Thread per consumer model
/**
* Consumer configuration for email topics
*
* @return
*/
@Bean
public ConsumerFactory<String, String> consumerFactory()
{
Map<String, Object> props = new HashMap<>();
Map<String, Object> props = new HashMap<>();
props.put(ConsumerConfig.BOOTSTRAP_SERVERS_CONFIG, "localhost:9092");
props.put(ConsumerConfig.GROUP_ID_CONFIG, EMAIL_STATUS_CONSUMER_GROUP);
props.put(ConsumerConfig.KEY_DESERIALIZER_CLASS_CONFIG,
StringDeserializer.class);
props.put(ConsumerConfig.VALUE_DESERIALIZER_CLASS_CONFIG,
StringDeserializer.class);
return new DefaultKafkaConsumerFactory<>(props);
}
/**
* Sets Concurrency for kafka listener
*
* @return
*/
@Bean
public ConcurrentKafkaListenerContainerFactory<String, String> kafkaListenerContainerFactory()
{
ConcurrentKafkaListenerContainerFactory<String, String> factory = new ConcurrentKafkaListenerContainerFactory<>();
factory.setConsumerFactory(consumerFactory());
factory.setConcurrency(1);
return factory;
}
This division is being listened to by the consumer group spring-group. The following is how single concurrency behaves:
GROUP TOPIC PARTITION CONSUMER-ID HOST CLIENT-ID
spring-group test-topic 8 consumer-1-01a5779b-940b-44cf-b8c6-2e414aa38eb1 /172.22.0.1 consumer-1
spring-group test-topic 2 consumer-1-01a5779b-940b-44cf-b8c6-2e414aa38eb1 /172.22.0.1 consumer-1
spring-group test-topic 1 consumer-1-01a5779b-940b-44cf-b8c6-2e414aa38eb1 /172.22.0.1 consumer-1
spring-group test-topic 4 consumer-1-01a5779b-940b-44cf-b8c6-2e414aa38eb1 /172.22.0.1 consumer-1
spring-group test-topic 5 consumer-1-01a5779b-940b-44cf-b8c6-2e414aa38eb1 /172.22.0.1 consumer-1
spring-group test-topic 6 consumer-1-01a5779b-940b-44cf-b8c6-2e414aa38eb1 /172.22.0.1 consumer-1
spring-group test-topic 3 consumer-1-01a5779b-940b-44cf-b8c6-2e414aa38eb1 /172.22.0.1 consumer-1
spring-group test-topic 7 consumer-1-01a5779b-940b-44cf-b8c6-2e414aa38eb1 /172.22.0.1 consumer-1
spring-group test-topic 9 consumer-1-01a5779b-940b-44cf-b8c6-2e414aa38eb1 /172.22.0.1 consumer-1
spring-group test-topic 0 consumer-1-01a5779b-940b-44cf-b8c6-2e414aa38eb1 /172.22.0.1 consumer-1
If you look closely at the above output, you’ll notice that the application’s consumer ID is the same for all 10 partitions, indicating that it’s a single thread that connects them all.
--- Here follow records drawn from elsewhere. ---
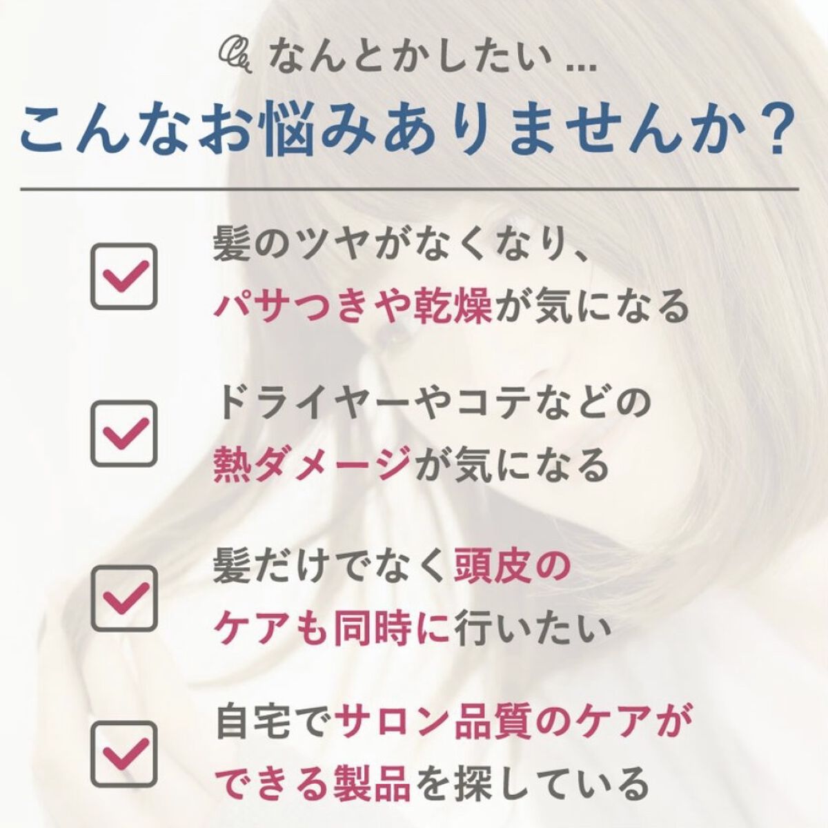 - ãšããããããªæãããªè³ªæãšãæ¯å ãŸã§ãã€ãããµã©ãµããªæéãã«å°ãçŸå®¹æ¶²ã·ã£ã³ããŒ/浞éè£ä¿®ããªãŒãã¡ã³ãã ã«ã·ãã€ç±æ¥ã®ã±ã©ãã³ãã¯ãããšãã3çš®ã®ã±ã©ãã³ãã·ã«ã¯PPTïŒã³ã©ãŒã²ã³PPTãCMCé¡äŒŒæåãªã©ã®ãã ãã£ãŠé åããè£ä¿®æåã ãã§ãªããã»ã©ããããã¢ã«ãã³é žããªãŒã¬ããã¯ãªã€ã«ãªã©ã®çŸå®¹ä¿æ¹¿æåããã£ã·ãé åããããšã§ãç¹°ãè¿ãã«ã©ãŒãç±ãã¡ãŒãžã«ããããµã€ãã»åºããã»ãŽã¯ã€ããªã©ã®èç©ãã¡ãŒãžã«ããã£ããã¢ãããŒãã (ã·ã£ã³ããŒ) è£ä¿®ã±ã¢ã¯ãã¡ããããã¡ãŒãžæ¯ã«ãé æ ®ãããªããããªæŽãå¿å°ã远æ±ããã¢ããé žç³»æŽæµæåã ãã§ãªãPPTç³»æŽæµæåãèŽ æ²¢é åã®ãã ããæããåŠæ¹ã§ããã·ãŸããšãããããã«ãªããããªæŽãäžãã«ã (ããªãŒãã¡ã³ã) 髪ã®å€éšã»å éšããåæã«é«ªã®1æ¬1æ¬ãå ã¿èŸŒãã§ãã¡ãŒãžéšåãçæ°Žåããããšã§ãæéãããã€æã ãã§ãªã髪ã®è³ªæãæŽããŸãã ãŸãç±ãå©çšããŠé«ªãè£ä¿®ããããŒããªãã¢æåãé åã ãã©ã€ã€ãŒãªã©ã®ç±ãã髪ãå®ããåæã«ãã¡ãŒãžã±ã¢ãã æž æ¥ãªäžåããçºããã¯ã€ããããŒã©ã«ïŒãã¢âã®éŠãã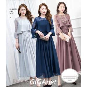 パーティードレス 結婚式 ワンピース ドレス 袖あり 大きいサイズ フォーマル ロング丈 ロングドレス レース 長袖 七分袖 二次会 披露宴 お呼ばれ 上品 膝下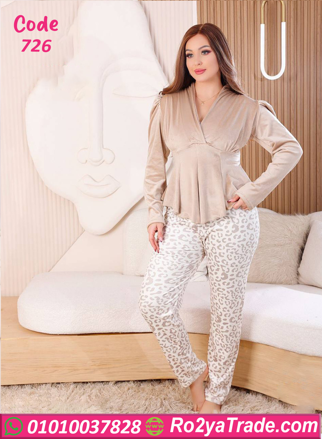 لو بتدوري على بيجامة شتوي تجمع بين الشياكة والراحة، موديل كود 726 اختيار ممتاز ليكي. التصميم مميز بقصة صدر على شكل بتبرز الشكل بطريقة راقية من غير مبالغة، مع بلوزة واسعة شوية من تحت بتدي راحة في اللبس ومظهر أنيق.
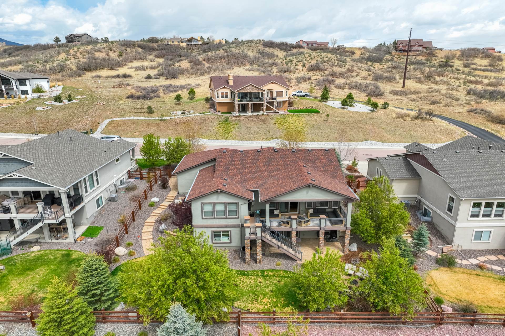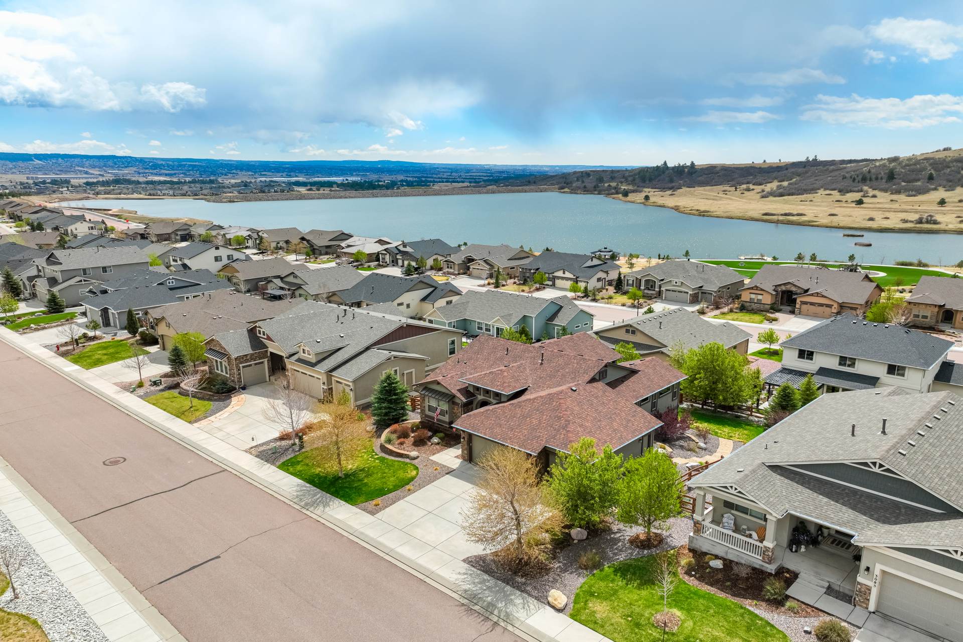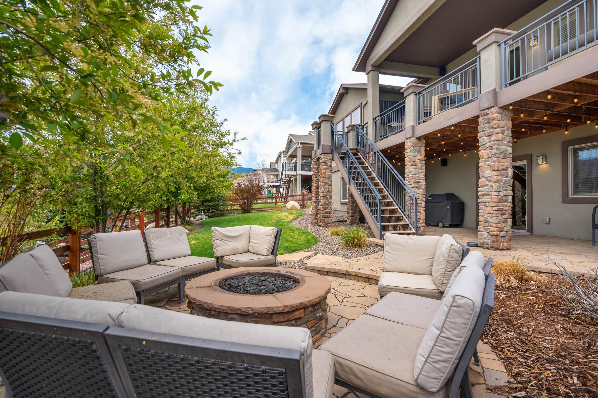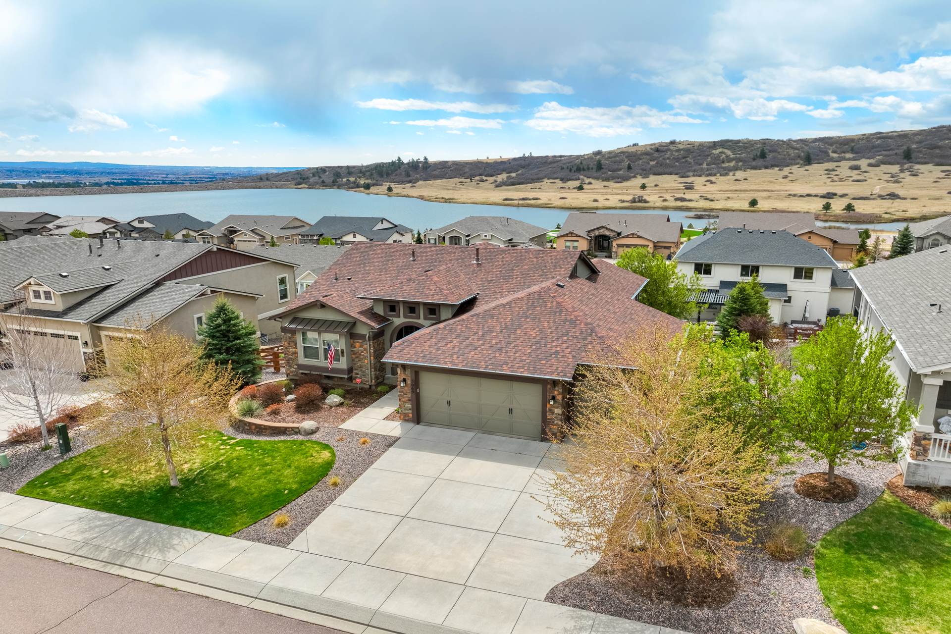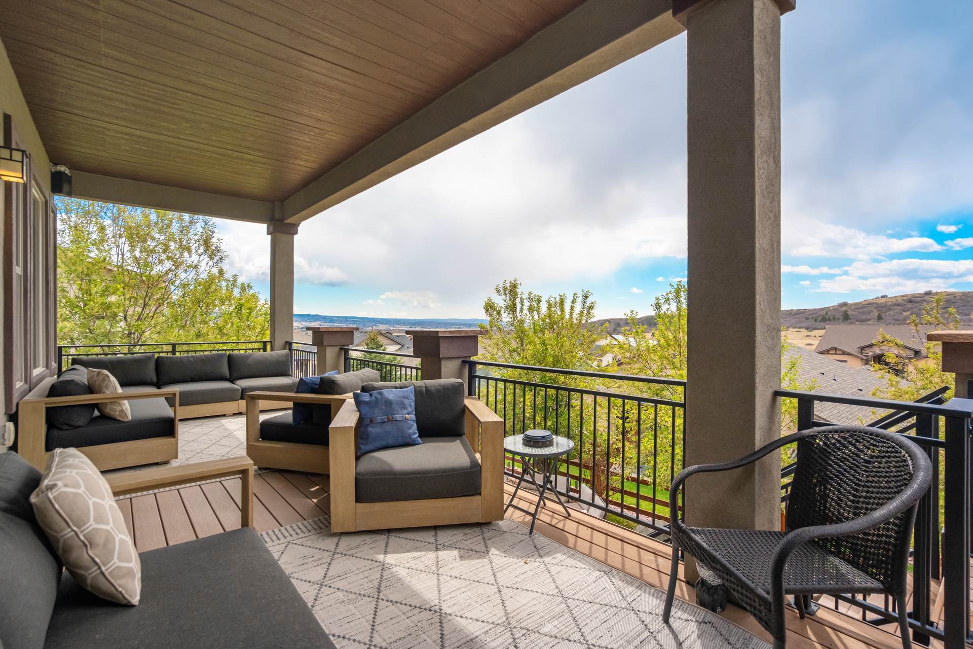 Lakeview. Mountain Views. Forest Lakes Living. This beautifully appointed Classic Home captures the best of Colorado living with sweeping lake and mountain views and thoughtfully designed indoor-outdoor spaces to enjoy them. Step inside to an expansive great room filled with natural light from large, well-placed windows, complemented by rich hickory hardwood floors and soaring 10-foot ceilings. The open layout flows effortlessly to a covered 10x29 composite deck, perfectly positioned to take in the views. The gourmet kitchen features granite countertops, 42-inch cabinetry with crown molding, stainless steel appliances, and a gas convection range with a fifth burner. Generous counter space, abundant cabinetry, and a walk-in pantry make it ideal for both everyday living and entertaining. The main-level primary suite offers convenience and privacy, with tranquil views and a spa-inspired bath complete with dual shower heads, rain feature, and custom tile work. A nearby laundry room with ample storage and utility sink adds everyday ease. A private office near the entry provides flexibility for a fifth bedroom, with an adjacent powder bath. The walk-out lower level offers 9-foot ceilings, a spacious family room with wet bar, and direct access to a hand-laid paver patio, stone firepit, and multiple outdoor gathering areas. Two additional bedrooms and a large unfinished space offer potential for expansion. Additional features include high-efficiency furnace, humidifier, water softener, gas stubs for outdoor heating and grilling, and a finished garage with epoxy floors, built-ins, and a dog wash station. A dedicated generator pad with gas hookup is already in place. Enjoy lake access just minutes away for paddleboarding, kayaking, and fishing, along with close proximity to the Santa Fe Trail, downtown Monument, United States Air Force Academy, and easy I-25 access to both Denver and Colorado Springs.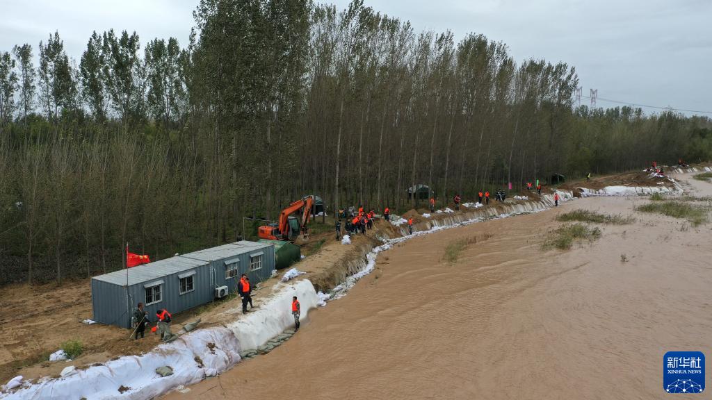 10月4日,在山东省东营市东营区,抢险人员在黄河麻湾段加固防汛堤坝(无人机照片)。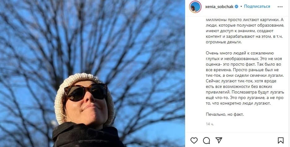 Собчак рассказала, что в старые времена люди вместо просмотра видео в Tik-Tok "сидели семечки лузгали". "Сейчас же они лузгают тик-ток, а послезавтра будут лузгать еще что-то", — добавила Собчак, отметив, что многие люди не пользуются возможностью "получать знания без всяких привилегий".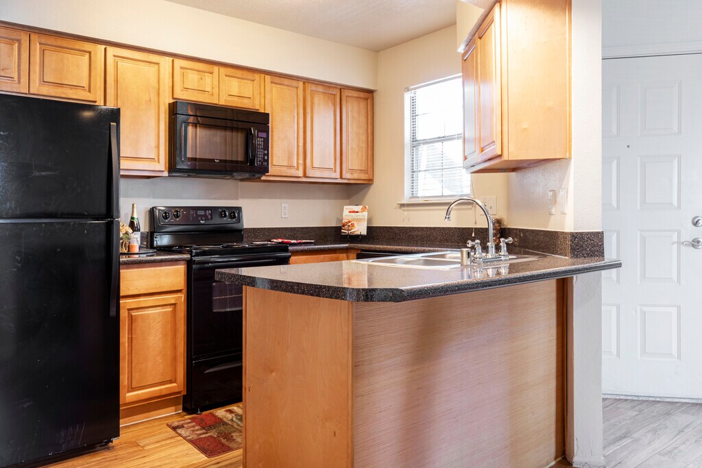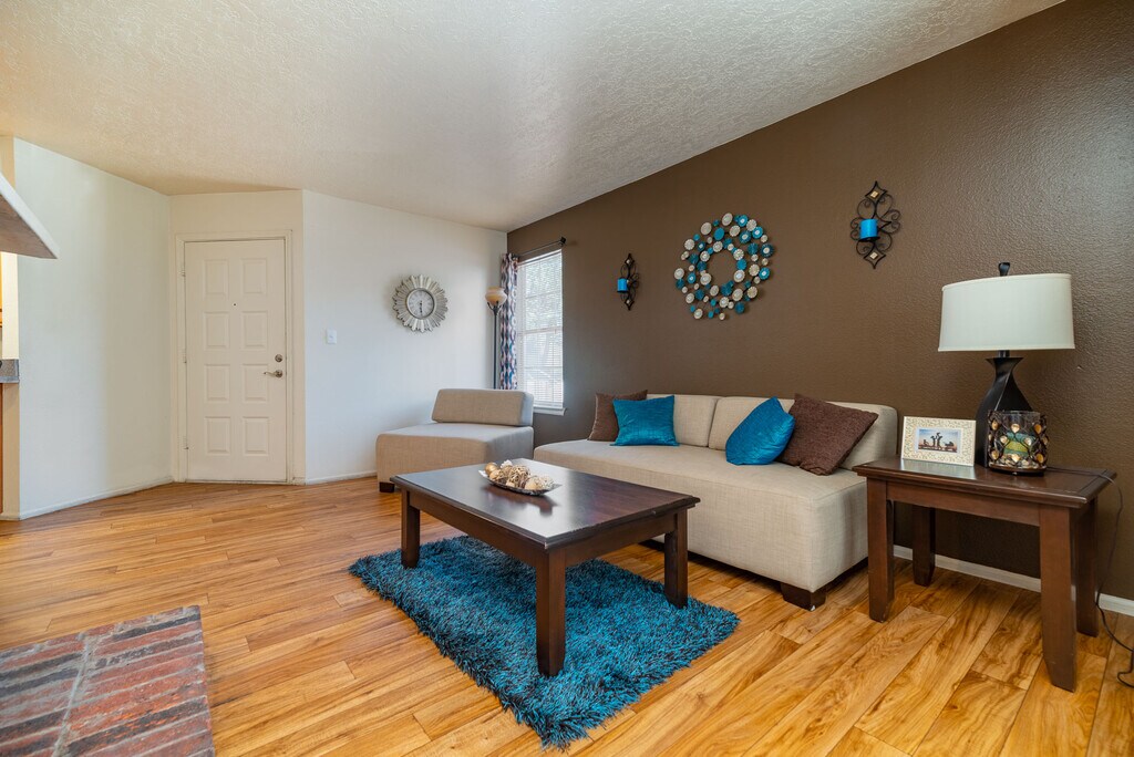 Experience distinctive, lavish living at Oak Tree Apartments in Del Norte, Albuquerque. Our luxury apartment community features one and two bedroom floor plans, exceptional amenities, and top-notch services. We spare no expense to ensure that your home at our pet-friendly community provides everything you need and more. Enjoy a distinct, spacious one or two bedroom apartment home featuring optional granite-inspired countertops, black Whirlpool appliances, contemporary brushed nickel lighting and fixtures, 9-foot ceilings, spacious closets, ceiling fans, and full-size washers and dryers. In select apartments, you'll also find charming fireplaces, walk-in closets, vaulted ceilings, and skylights. When it's time to unwind, play a few games of tennis, or cool off with a dip in one of our three swimming pools, relax in a hot tub, or get your workout in at our fitness center. Whatever you desire, Oak Tree Park apartments has something to offer for everyone. If you’re looking for an apartment in Del Norte, Albuquerque, the beauty, five-star amenities, and the convenience of Oak Tree Park apartments will make you happy to call our apartments your new home. Visit us soon and see why Oak Tree Park in Northeast Albuquerque, NM is a hidden gem in the middle of it all.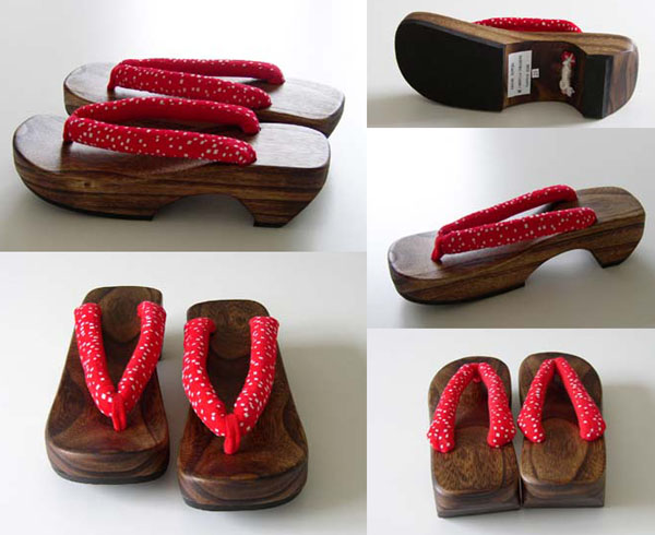 - Thongs of floral pattern fabric, rubber sole; nice craftsmanship;
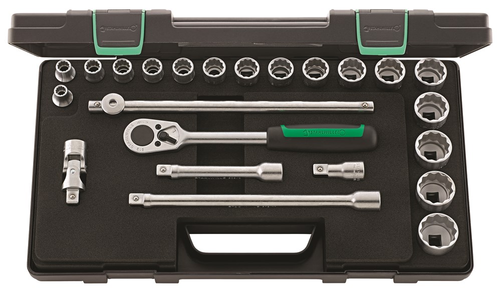 In kunststoffen doos, 23-delig, inhoud: 17 doppen, twaalfkant nr. 50a: 3/8; 7/16; 1/2; 9/16; 19/32; 5/8; 11/16; 3/4; 25/32; 13/16; 7/8; 15/16; 1; 1.1/16; 1.1/8; 1.3/16; 1.1/4"; 1 ratel nr. 512; 3 verlengstukken nr. 509/2 (52 mm), nr. 509/5 (130 mm), nr. 509/10 (255 mm); 1 hendel met schuifstuk nr. 506; 1 cardangewricht nr. 510.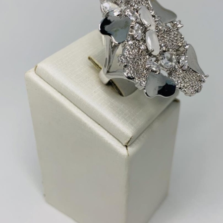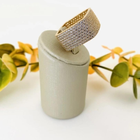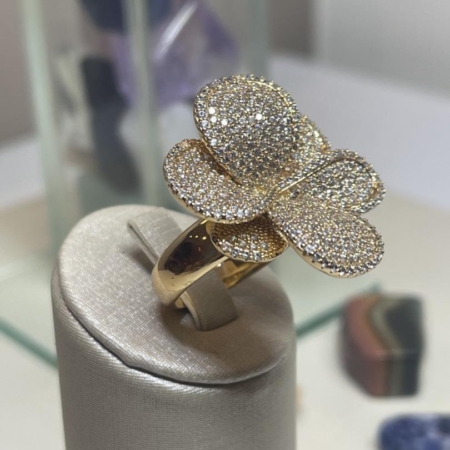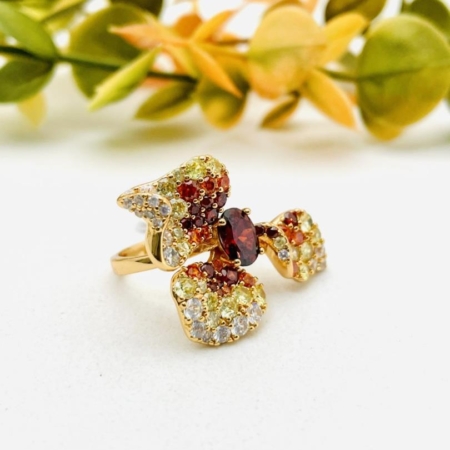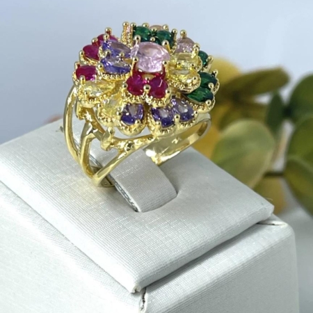 • Anel Flores Prata Com Banho De Ouro Cravejado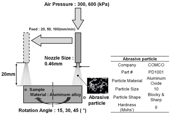 We used the setup shown schematically in Figure 3. The abrasive particles in the tank fell directly onto a vibrating feeder and were carried by the pressurized airflow into the tube. The abrasive particle powder consisted of 10 µm diameter alumina (Al2O3) sharp particles, which were injected into the compressed air flow to the nozzle through a rubber tube. This system allowed us to easily vary the feeding speed of the micro-AAJ nozzle and the rotation angle of the sample. The distance from the nozzle to the target could be varied within the range of 0 < d < 20 mm.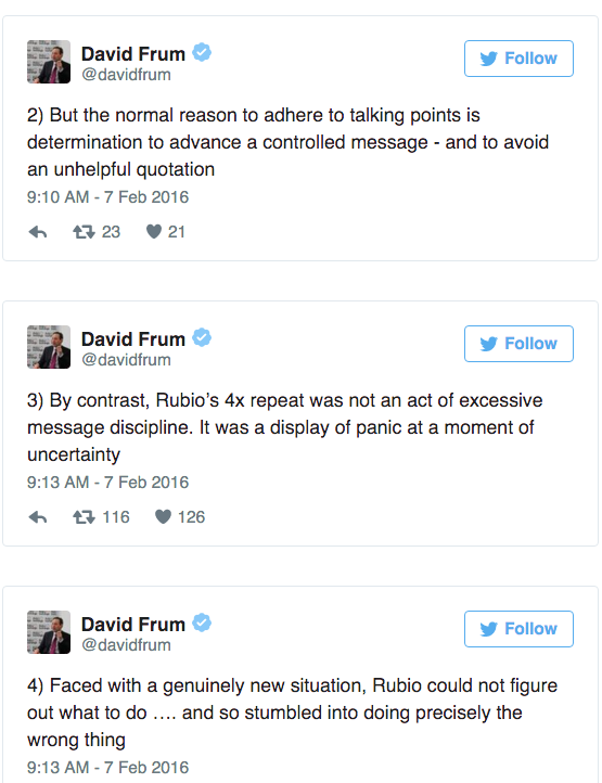 This was flat-out panic and mental paralysis. (And I see that the Atlantic’s David Frum has made the same point, to devastating effect.) The central problem was that Rubio used an odd-sounding construction that might come out of a real person’s mouth once but that no one would naturally repeat. It was: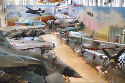 北京航空航天博物館內陳列的飛機鳥瞰圖。 本報見習記者劉丞 攝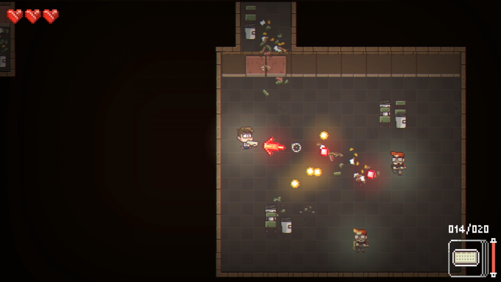 Now, following the order of the story, let’s talk about Jack’s expertise: gameplay, but more specifically, the minigames. The minigames are a mixed bag for me; on one hand, I like the variety of games that they paid homage to, but on the other, the execution had some issues. Throughout Indiecalypse, you’ll encounter situations that must be completed in the form of other video games. To name a few examples, you escape some bullies in an Enter the Gungeon style level, you can kill flies in a Duck Hunt style section, and you even program some code via Guitar Hero gameplay. There are 21 other minigames, all with their charms and issues. The charm essentially boils down to how neat it is to get little snippets of other games within this one game. The issues are a different story.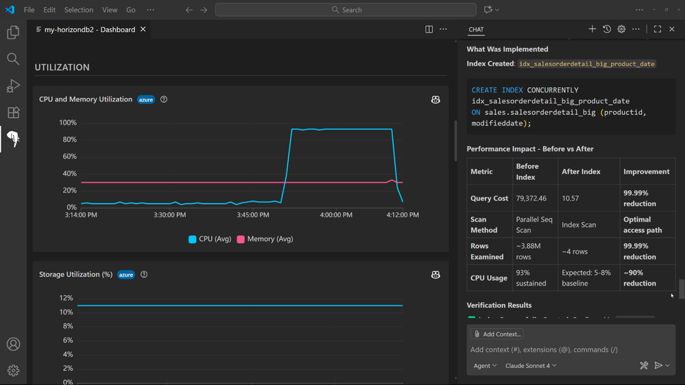 One of the key new capabilities is Metrics Intelligence, which uses Copilot and real-time telemetry of HorizonDB or ADP to help you diagnose and fix performance issues in seconds. Instead of digging through logs and query plans, you can open the Performance Dashboard, see a CPU spike, and ask Copilot to investigate. The extension sends a rich prompt that tells Copilot to analyze live metrics, identify the root cause, and propose an actionable fix. For example, Copilot might find a full table scan on a large table, recommend a composite index on the filter columns, create that index, and confirm the query plan now uses it. The result is dramatic: you can investigate and resolve the CPU spike in seconds, with no manual scripting or guesswork, and with no prior PostgreSQL expertise required.

Let’s look at what happens when the concurrency is increased to 2,
GROUP TOPIC PARTITION CONSUMER-ID HOST CLIENT-ID
spring-group test-topic 8 consumer-2-8ab0213d-683c-4f92-b3c8-767701905994 /172.22.0.1 consumer-2
spring-group test-topic 5 consumer-2-8ab0213d-683c-4f92-b3c8-767701905994 /172.22.0.1 consumer-2
spring-group test-topic 6 consumer-2-8ab0213d-683c-4f92-b3c8-767701905994 /172.22.0.1 consumer-2
spring-group test-topic 7 consumer-2-8ab0213d-683c-4f92-b3c8-767701905994 /172.22.0.1 consumer-2
spring-group test-topic 9 consumer-2-8ab0213d-683c-4f92-b3c8-767701905994 /172.22.0.1 consumer-2
spring-group test-topic 4 consumer-1-886f1a6e-f316-4e17-90d2-599a582682e4 /172.22.0.1 consumer-1
spring-group test-topic 2 consumer-1-886f1a6e-f316-4e17-90d2-599a582682e4 /172.22.0.1 consumer-1
spring-group test-topic 3 consumer-1-886f1a6e-f316-4e17-90d2-599a582682e4 /172.22.0.1 consumer-1
spring-group test-topic 1 consumer-1-886f1a6e-f316-4e17-90d2-599a582682e4 /172.22.0.1 consumer-1
spring-group test-topic 0 consumer-1-886f1a6e-f316-4e17-90d2-599a582682e4 /172.22.0.1 consumer-1
As you can see in the screenshot above, there are now two threads, each with five partitions.
Kafka will try to distribute partitions evenly among threads belonging to the same consumer group. We’ll have a dedicated thread for each partition if we create ten concurrent threads.
Conclusion
In this article we understand a few things about multithreading and learn the threading model.